Elle le regarda droit dans les yeux. À cause des lentilles colorées, Ilan avait l’impression d’avoir affaire à une autre femme, pas à la Chloé qu’il avait connue.
— Tu me demandais pour mes études de psycho, tout à l’heure, dit-elle. Il s’est passé quelque chose quand on s’est séparés, qui fait que ma vie a beaucoup changé.
— D’où le look différent ?
— Si on va plus loin tous les deux, je t’expliquerai. Promis.
— Si on va plus loin, maintenant…
— Dans l’aventure, je voulais dire.
— J’avais bien compris. Tu crois que tu peux débarquer comme ça dans ma vie, alors que tu ne veux même pas m’expliquer pourquoi tu es partie ?
— Je t’ai fait mal, j’en ai conscience, et je ne suis pas venue pour me racheter. Moi aussi, j’ai beaucoup souffert. Aujourd’hui, je fais ça par loyauté. Cette victoire, on la mérite tous les deux.
Elle prit la direction de la porte et s’arrêta devant une photo des parents d’Ilan.
— La police a retrouvé les corps, finalement ?
Ilan secoua la tête.
— Je suis désolée, fit-elle.
— Ça va.
— Et le cahier de ton père ? T’as réussi à comprendre le sens de son énigme ?
— Pas encore.
— J’aimerais bien m’y pencher à nouveau, un de ces jours. Je suis sûre qu’avec le temps je pourrais avoir un œil neuf. Peut-être que le mystère s’éclaircirait enfin.
— Laisse tomber, Chloé.
Elle revint vers lui.
— Deux ans après, t’y crois toujours, n’est-ce pas ? Cette conspiration contre eux, pour cette histoire de recherches secrètes et de documents planqués je ne sais où ?
Elle avait prononcé ces mots sur un ton qui ne plut pas à Ilan. Il la raccompagna jusqu’à la porte.
— Je n’ai jamais consulté de psy, si c’est ce que tu veux savoir. Ni pour décrocher des jeux ni pour une quelconque forme de… paranoïa, comme tu as l’air de le penser.

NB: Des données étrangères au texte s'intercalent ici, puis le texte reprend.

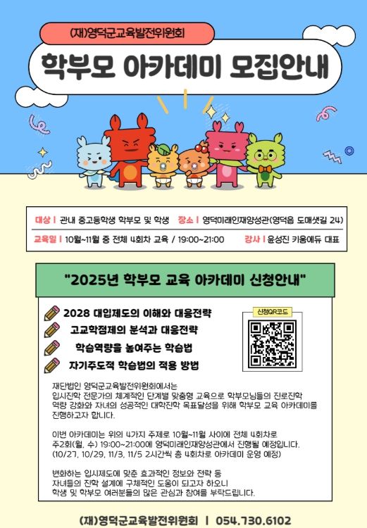 (포탈뉴스통신) (재)영덕군교육발전위원회는 급변하는 대학입시 환경에 효과적으로 대응하고, 학부모들의 교육 역량 강화를 위해 ‘학부모 교육 아카데미’를 운영한다.

— Je ne parle pas de ça. Tu as toujours été attiré par la théorie du complot et…
— Ce complot existe, j’en ai la certitude. Mes parents ne seraient jamais sortis par un jour de tempête. On les y a contraints. On les a assassinés. Un jour, la vérité éclatera, j’en suis sûr. Et concernant tes allusions, au cas où tu n’aurais pas remarqué, je me débrouille très bien tout seul.
Chloé fit tinter les clés de sa voiture.
— L’état de ta maison ne m’a pas donné cette impression. On dirait celle d’un fantôme. Les draps sur les meubles, il n’y a que dans les demeures inhabitées qu’on voit ça. Tu devrais redonner un coup de neuf à la façade et au reste, ça fait vraiment… glacial. C’est toi-même qui me racontais le mal que tes parents s’étaient donné pour que cette belle bâtisse existe. J’aurais tant voulu les connaître, mais tu t’es toujours arrangé pour qu’on ne se voie jamais, eux et moi. Pourquoi ?

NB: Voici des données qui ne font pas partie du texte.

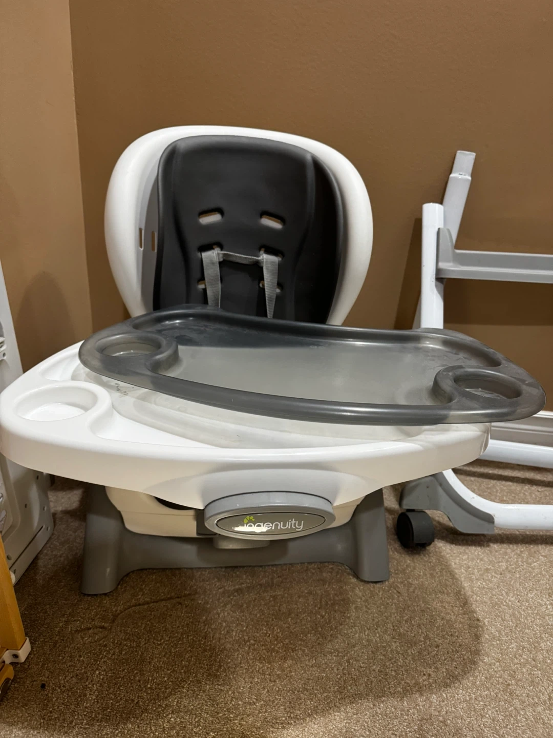 This Ingenuity high chair booster seat is white and grey. It easily converts to a toddler chair. It's suitable for mealtimes and feeding. This chair is great for little ones learning to eat safely.

Ilan se contenta de hausser les épaules.
Chloé disparut, si rapidement que le jeune homme se demanda s’il n’avait pas juste rêvé.

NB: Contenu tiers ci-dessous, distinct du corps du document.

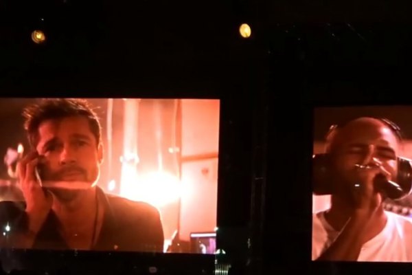 Pitt was shown on a monitor during singer-songwriter Frank Ocean's set.
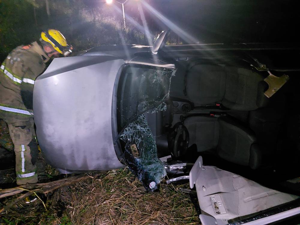 Carro é “jogado” para fora da Dique 2 em Pouso Alegre
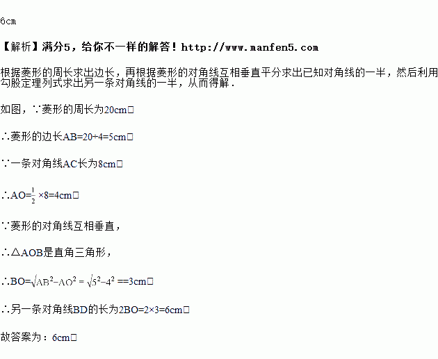 已知菱形的周长是20cm,一条对角线长为8cm,则菱形的另一条对角线长为_____
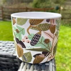 Attractive ceramic indoor plant pot coming in a plant leaves foliage design throughout the planter. Does not come with drainage holes so suitable for home use only.
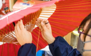 熟練の職人が一本一本手作業で仕上げる和傘は、細かな骨組みや繊細な貼り工程など、日本の伝統美が息づく逸品。
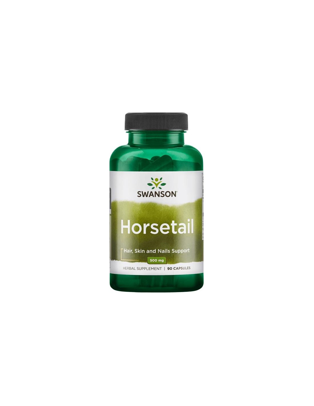 Swanson Premium Horsetail es un complemento alimenticio formulado con la hierba de cola de caballo (Equisetum arvense) procedente de las partes aéreas de la planta. Cada cápsula aporta una cantidad definida de material botánico, ideal para una dieta variada y equilibrada.
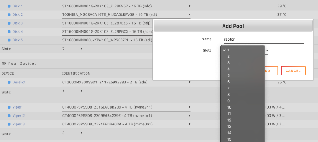 raptor)。 - 设置槽位数量以匹配您想要在主数据 vdev(s) 中的磁盘数量。

Lorsqu’il revint dans le salon, il trouva un carton d’invitation posé sur la table basse, qui permettait l’accès à l’ Abilify , deux jours plus tard. Au dos était écrit : « Je compte vraiment sur toi. »
Tout était bien réel.
Ilan marchait vite, les mains dans les poches et le nez caché sous son écharpe, le long de l’avenue Kennedy.
L’hiver qui arrivait s’annonçait rigoureux, glacial d’après les météorologues, et certaines régions étaient déjà sous la neige. On prédisait, dans les jours à venir, une énorme dépression avec vents violents et précipitations, qui s’étendrait à toute la France.
Sur la droite, la Seine coulait, épaisse, et paraissait aussi noire que le fleuve des Enfers. En face, la tour Eiffel étincelait de mille lumières, comme le seul îlot de chaleur dans les ténèbres.